Great idea about using shrink tubing, I'm sure it will work And send the bill to wvgca, but wait till the harvest is in!


----------



## wvgca (Jan 21, 2013)

The diode is rated 1 amp continuous ... higher for short periods of time .... in the example that dennis461 gave, a 1N4004 diode passed 10 amps, but with only a 300us pulse width..


----------



## jimben (Jun 27, 2018)

Schottky dfiodes rated up to 40 volts PIV drop as low as ,45 volts. You did not say half wave or bridge rectifier and this makes all the difference. So, what do you have?

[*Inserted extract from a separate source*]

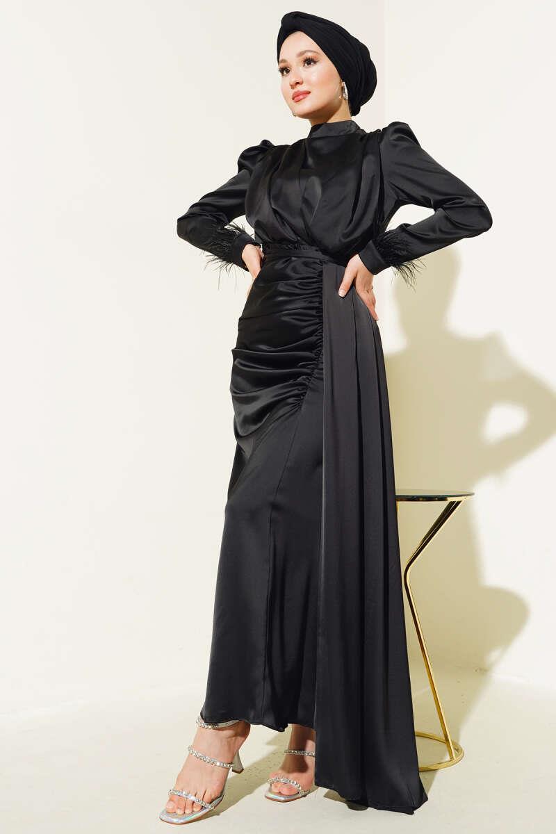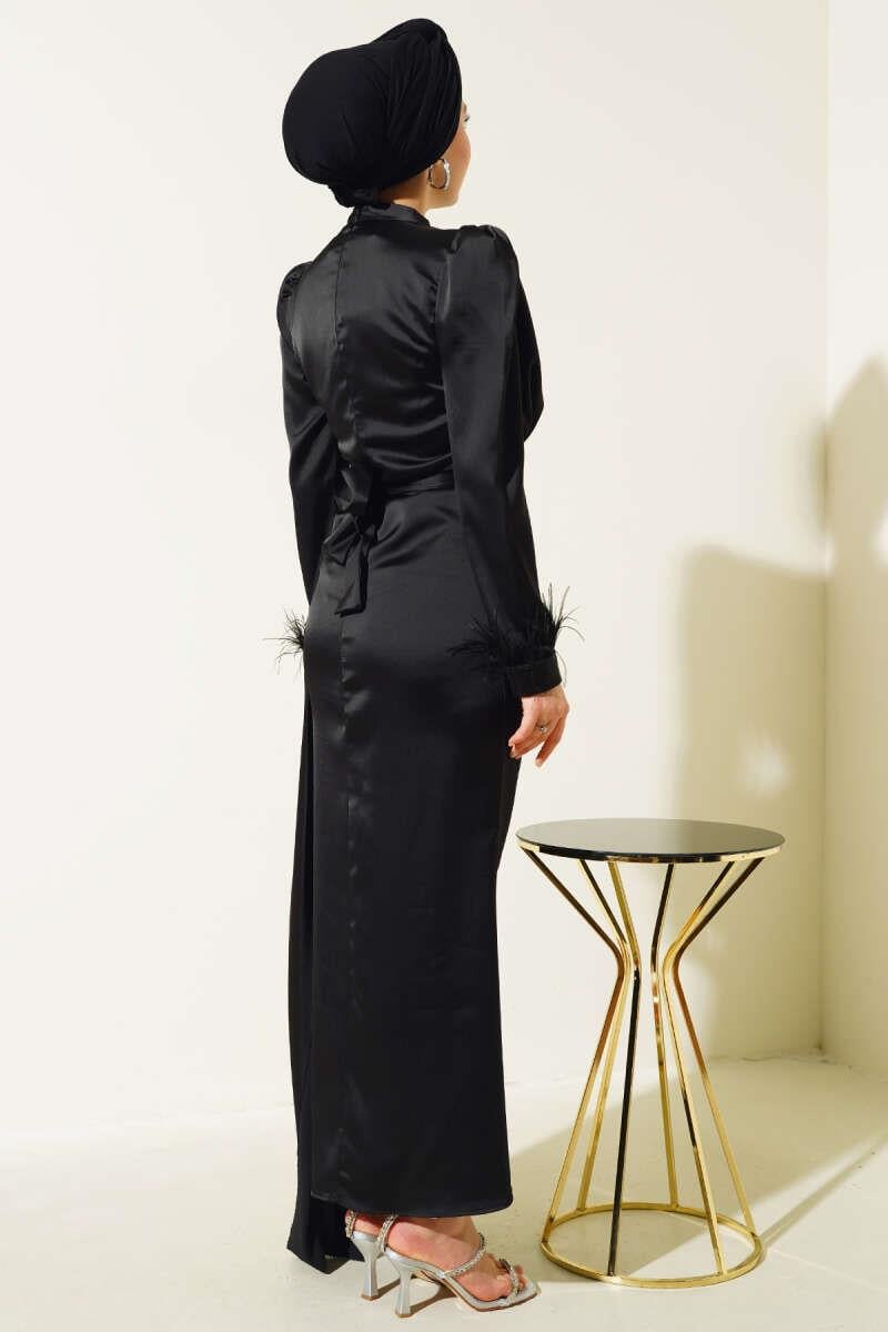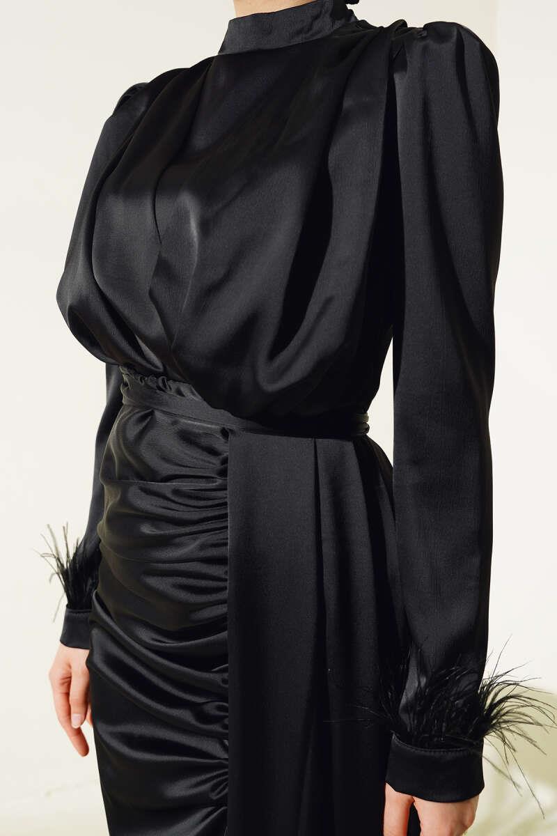 Pleated Feathered Cuff Dress Black (0493-4593-556108)

In a bridge rectifier voltage goes thru two diodes at same time, thus 1.5 volt drop is normal. 1 amp diodes carry 2 amps in a bridge with your rectifier. 3 amps is not good in a bridge. So, change out to 2 or 3 amp schottky in a bridge rectifier and get under a volt drop.

If half wave rectifier, use at least a 3 amp schottky diode for lower voltage drop.


----------



## wvgca (Jan 21, 2013)

in the first post it was mentioned a [single] diode, just an ordinary silicon one, in this case a 1N4004 ..
no schottky, no bridge,


----------



## jimben (Jun 27, 2018)

wvgca said:


> in the first post it was mentioned a [single] diode, just an ordinary silicon one, in this case a 1N4004 ..
> no schottky, no bridge,


Poster was talking about one diode voltage drop, does not refer to what circuit being half wave (one diode) or bridge (four diodes total), I know what a 1N004 is, schottky was an option I mentioned and 1N4004 are not a schottky obviously.


----------